If pictures are present, leave them out, and copy the data word for word.

= Exercise data =
┄┄┄┄┄┄┄┄┄┄

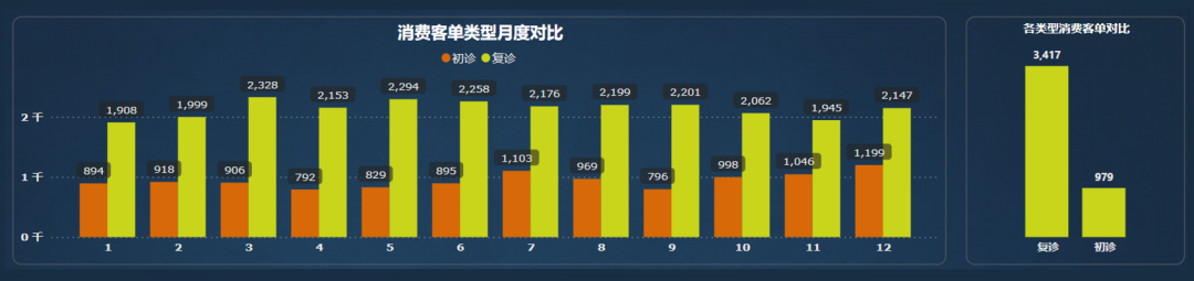 不同的就诊类型客单要求也是不同的,初诊客单过低、过高、或者波动大,都不利于机构的稳定经营。
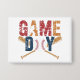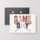 Un graphisme audacieux et minimaliste "Game Day" avec un design en détresse. La lettre "O" est remplacée par un baseball détaillé, tandis que les chauves-souris croisées sous le mot "Game" soulignent le thème sportif. La silhouette d'une pâte en action renforce l'attrait dynamique, rendant ce design parfait pour les vêtements et accessoires de jour de jeu.
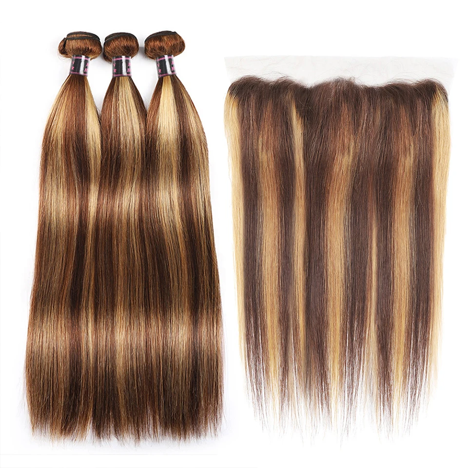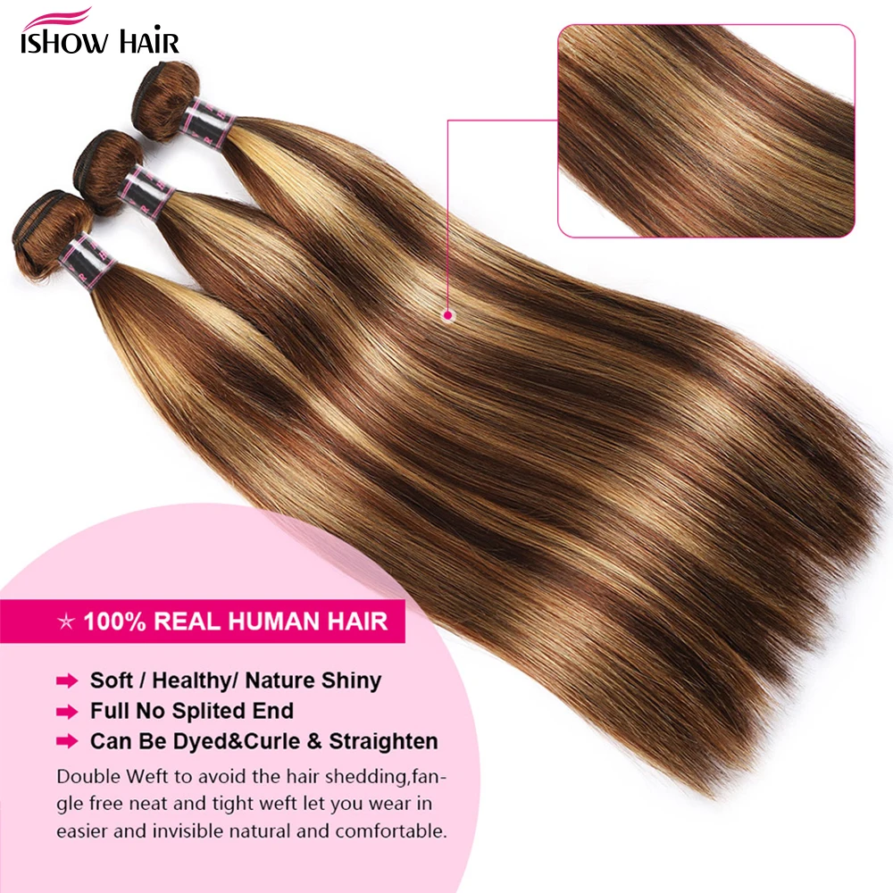 Пряди из натуральных каштановых волос Ishow, прямые пряди с фронтальной HD сеткой, 3 пряди с застежкой

┄┄┄┄┄┄┄┄┄┄

= Output below =
 不同的就诊类型客单要求也是不同的,初诊客单过低、过高、或者波动大,都不利于机构的稳定经营。
 Un graphisme audacieux et minimaliste "Game Day" avec un design en détresse. La lettre "O" est remplacée par un baseball détaillé, tandis que les chauves-souris croisées sous le mot "Game" soulignent le thème sportif. La silhouette d'une pâte en action renforce l'attrait dynamique, rendant ce design parfait pour les vêtements et accessoires de jour de jeu.
 Пряди из натуральных каштановых волос Ishow, прямые пряди с фронтальной HD сеткой, 3 пряди с застежкой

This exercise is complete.